The Rays announced a preliminary list of eight managerial candidates to interview on Thursday afternoon, an interesting mix of expected candidates with a few surprises thrown in. They hope to have a manager in place by the Winter Meetings. The full list:
Rays bench coach Dave Martinez
Triple-A Durham manager Charlie Montoyo
Former Nationals and Indians manager Manny Acta
Indians bullpen coach Kevin Cash
Former player Craig Counsell, currently a special assistant in the Brewers’ front office
Current/former player Raul Ibanez
Royals bench coach Don Wakamatsu
Giants bench coach Ron Wotus
“This is a preliminary list of candidates, and we expect it will grow as we continue through this process,” Rays president of baseball operations Matt Silverman said in a statement. “With a talented core of players and a strong clubhouse culture, our next manager will step into an enviable position. We will look for him to build upon that and take us to the next level.”

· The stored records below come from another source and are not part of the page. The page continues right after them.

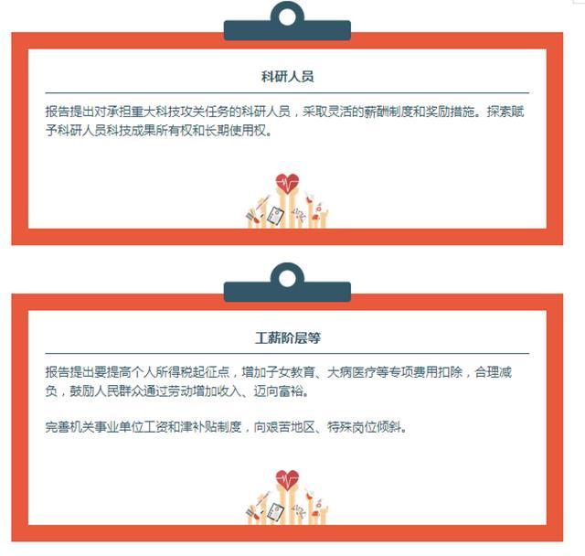 報(bào)告提出要提高個(gè)人所得稅起征點(diǎn),增加子女教育、大病醫(yī)療等專項(xiàng)費(fèi)用扣除,合理減負(fù),鼓勵(lì)人民群眾通過勞動(dòng)增加收入、邁向富裕。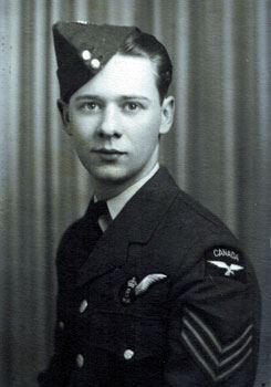 William Way was born on 14th October 1924 in Exeter, Ontario, Canada and was the son of Charles Fredrick and Julia May (nee Rivers) Way. The family moved to St.Thomas, Ontario when he was young and he attended school and college there. In 1941 he started working as a bank clerk at a local bank. He enlisted for RCAF service on 11th November 1942 in London, Ontario and with basic training complete he was awarded his air bombers' flying badge on 14th January 1944. On arrival in the UK he trained at 7 (O)AFU, 24 OTU and 1666 HCU before posting to 426 Squadron on 17th November 1944. I thank his niece Caroline Gulbronson for contacting me in May 2021 and for the information she was kind enough to provide.
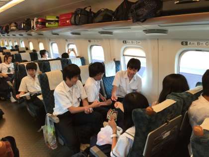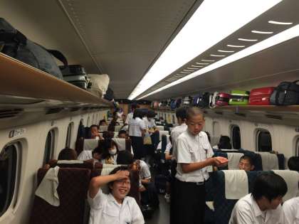 住之江中学校42期生は、遅刻者0で新大阪駅を出発し、現在山口県の下関周辺を新幹線で進んでいます。車内では、ゲームをしたり、お菓子を食べたり、楽しんでいます。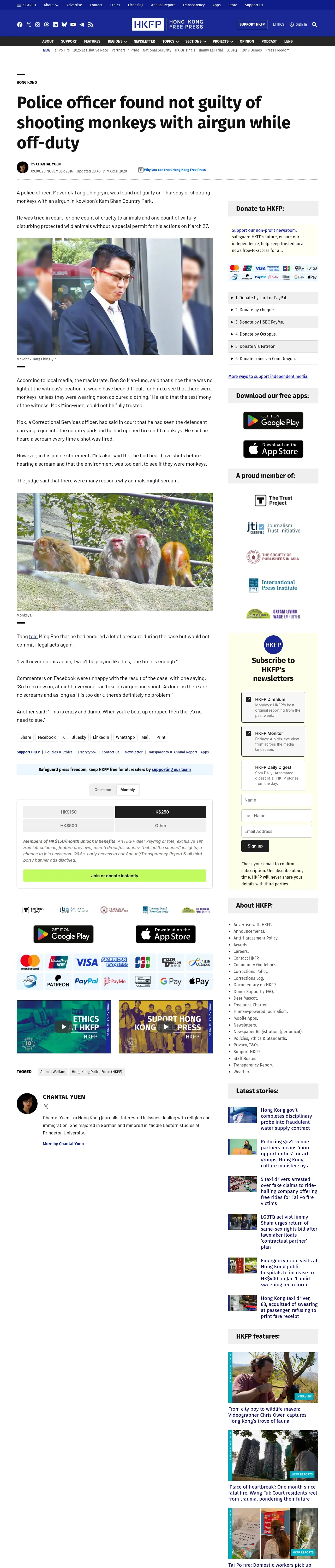 取得元URL: https://hongkongfp.com:443/2016/11/20/police-officer-found-not-guilty-shooting-monkeys-airgun-off-duty/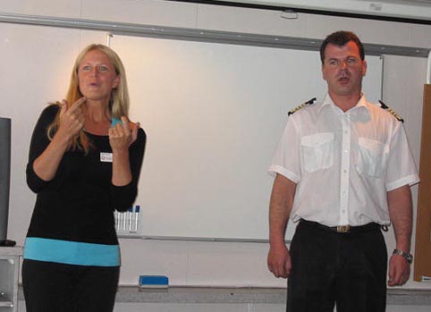 Døvetolk Heidi Otterå tolket kapteinens velkomsthilsen

Martinez is the most obvious choice, given the time he spent alongside former Rays manager Joe Maddon. He knows the players, the front office and the other coaches. If Tampa Bay is going for continuity, he makes the most sense.
Montoyo, who’s worked in Tampa Bay’s farm system since 1997, was deservedly rewarded with an interview for the big-league job. He’s dealt with just about every player who’s come up with the Rays, won 633 games at the Triple-A level and captured seven division titles in eight years.
Wakamatsu is an interesting option. He managed the Mariners in 2009-10, coached for the Blue Jays and scouted for the Yankees before signing on as the American League champion Royals’ bench coach. Cash, a finalist for the Rangers job, is a Tampa native who spent some time with Tampa Bay during his playing career.
Acta and Wotus present different kinds of experience — Acta having managed in the Majors and Wotus having been on the Giants’ coaching staff since 1998 and their bench coach since 1999. Before that, he managed in San Francisco’s farm system from 1991-97. Wotus has been Bruce Bochy’s bench coach as the Giants won three of the last five World Series.
Counsell and Ibanez are perhaps the most surprising names on the list. Counsell retired in 2012 and is now a special assistant to Brewers GM Doug Melvin. Ibanez, reportedly being considered for the Yankees’ hitting coach job, is technically still an active player — he spent last season with the Angels and Royals.